Тут часы пробили пять раз, и Энн не пришлось кривить душой.
— Боже, неужели уже пять? — воскликнула мисс Корнелия. — Как быстро бежит время за приятной беседой! Надо идти домой.
— Ну, зачем же? — воскликнула Энн. — Попейте с нами чаю.
— Вы меня приглашаете потому, что так принято, или вы и вправду хотите, чтобы я осталась? — напрямик спросила мисс Корнелия.
— Я правда хочу, чтобы вы остались к чаю.
— Тогда останусь. Вижу, вы из породы людей, что знали Иосифа.
— Я уверена, что мы будем друзьями, — тепло улыбнулась Энн.
— Обязательно.
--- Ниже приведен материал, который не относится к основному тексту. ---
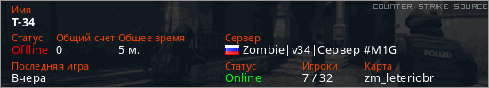 Последний раз был в сети Вчера Игрок с таким ником замечен на 17 серверах
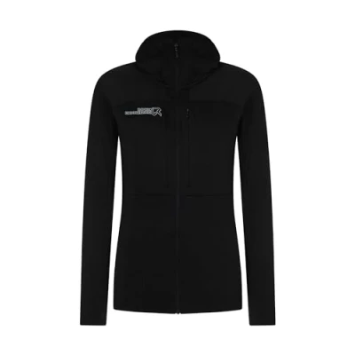 REWC02611;TELLER HOODIE WOMAN FLEECE;Women;SWEATSHIRT;94 PercentPOLYESTER 6 PercentELASTANE;Zip;Synthetic Merino wool improves thermoregulation while the polyester fabric has a grid structure that retains body heat and at the same time wicks away moisture Merino wool improves thermoregulation while the polyester fabric features a grid structure that retains body heat while at the same time wicks away moisture The hood and bottom of the sweatshirt are finished with lycra tape to ensure a snug fit without restrictions Versatile and technical garment, ideal for outdoor activities, especially during intense physical activities where thermoregulation and comfort are essential for optimal performance
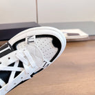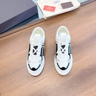 VL7N LOW-TOP WHITE CALFSKIN AND BLACK FABRIC SNEAKER WITH BANDS
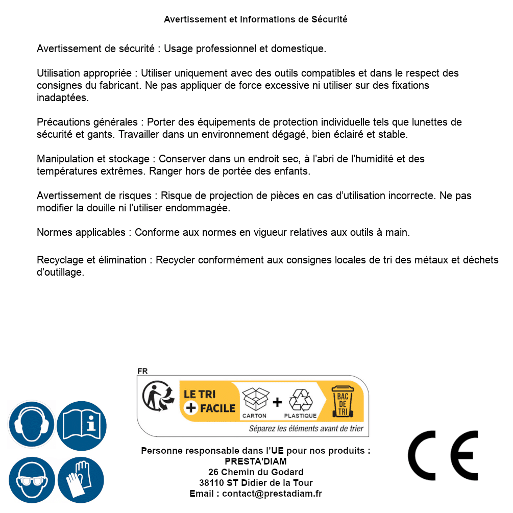 | AVERTISSEMENT et SECURITE | Identification de la personne responsable dans l’UE : Nom : PRESTA'DIAM. Adresse : 26 Chemin du Godard, 38110 ST Didier de la Tour (France). Email : contact@prestadiam.fr. |

Какое счастье, что мы имеем право выбирать себе друзей. С родственниками хуже — приходится принимать тех, что есть, и еще благодарить Господа Бога, если никто из них не сидел в тюрьме. Правда, у меня не так уж много близких родственников — все больше кузены да кузины. В общем-то я довольно одинокий человек, миссис Блайт. — В голосе мисс Корнелии прозвучала грустная нотка.
— Как мне хочется, чтобы вы называли меня Энн, — вдруг вырвалось у Энн. — Все в Четырех Ветрах зовут меня миссис Блайт, и от этого все время чувствую, что я для них чужая. Знаете, в детстве я мечтала, чтобы меня звали Корделией — почти так же, как вас! И ненавидела имя Энн.
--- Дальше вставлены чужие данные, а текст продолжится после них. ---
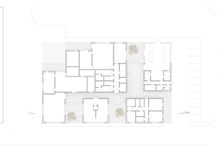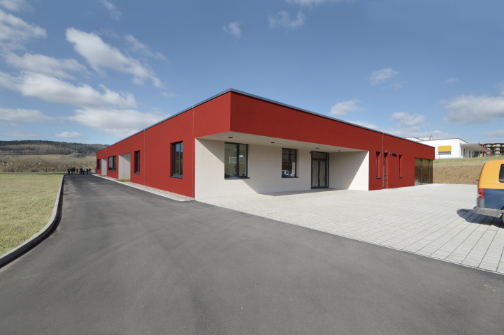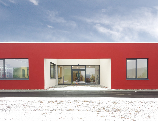 Mit dem Neubau der Werkstatt in Oberzella wird behinderten Menschen ein Arbeits- und Berufsbildungsangebot in einem rollstuhlgerechten Umfeld geboten, es ist ein Haus entstanden in dem jeder gerne arbeitet und Teil der Gemeinschaft ist. Bei der Konzeption des Gebäudes wurde viel Wert auf Tageslicht, eine lesbare und abwechslungsreiche Raumkombination und eine gute Orientierung gelegt. Die Räume gruppieren sich entlang einer Mittelachse, mit wechselnden Gärten, Höfen, Ausblicken und Außenraumbezügen. Mit den Gärten und Pausenhöfen entsteht eine architektonisch wie sozial hochqualitative Gebäudestruktur durch die der Aussenraum überall im Haus spürbar bleibt. Durch die geschützten und verschieden bepflanzten Gärten werden die Innenräume aufgewertet und erhalten Ausblicke in den Naturraum der Werraaue. Durch die an der Mittelerschließung angeordneten Räume ist das Haus hochflexibel und der kompakte Baukörper ist in Herstellung und Betreibung nachhaltig.

— А мне нравится Энн. Мою маму так звали. Самые лучшие имена — это простые. Если вы идете на кухню готовить чай, пошлите доктора со мной поговорить. Я знаю, что все это время он лежал на диване у себя в кабинете и покатывался со смеху, слушая меня.
— Как вы догадались? — воскликнула Энн, которую так ошеломила проницательность мисс Корнелии, что ей даже не пришло в голову отрицать ее слова.
— Когда я подходила к дому, я видела вас вместе в этой комнате. А мужские штучки мне наперечет известны. Ну вот, платьице закончено. Восьмой ребенок может появляться на свет хоть сегодня.
Глава девятая ВЕЧЕР НА МАЯКЕ
Энн с Джильбертом все никак не могли выбраться в гости к капитану Джиму. Они несколько раз собирались туда пойти, но всегда что-то мешало. Сам капитан Джим за это время несколько раз наведывался в маленький белый домик.
— Я уж с вами попросту, миссис Блайт, — признался он Энн. — Мне так приятно к вам приходить, и я не хочу отказывать себе в этом удовольствии всего лишь потому, что вы сами пока не собрались ко мне в гости. Среди людей, которые знали Иосифа, такие церемонии ни к чему. Я буду к вам заходить, когда смогу, а вы тоже придете, когда сможете. Главное — приятный разговор, а под чьей крышей — это неважно.
Капитану Джиму очень нравились Гог и Магог, которые стояли у Энн по обе стороны камина с таким же гордым видом, как и в «Домике Патти».
— Ну не смешные ли твари? — с восхищением говорил он, и каждый раз, входя в дом и уходя из него, он здоровался и прощался с ними, так же как и с хозяином и хозяйкой.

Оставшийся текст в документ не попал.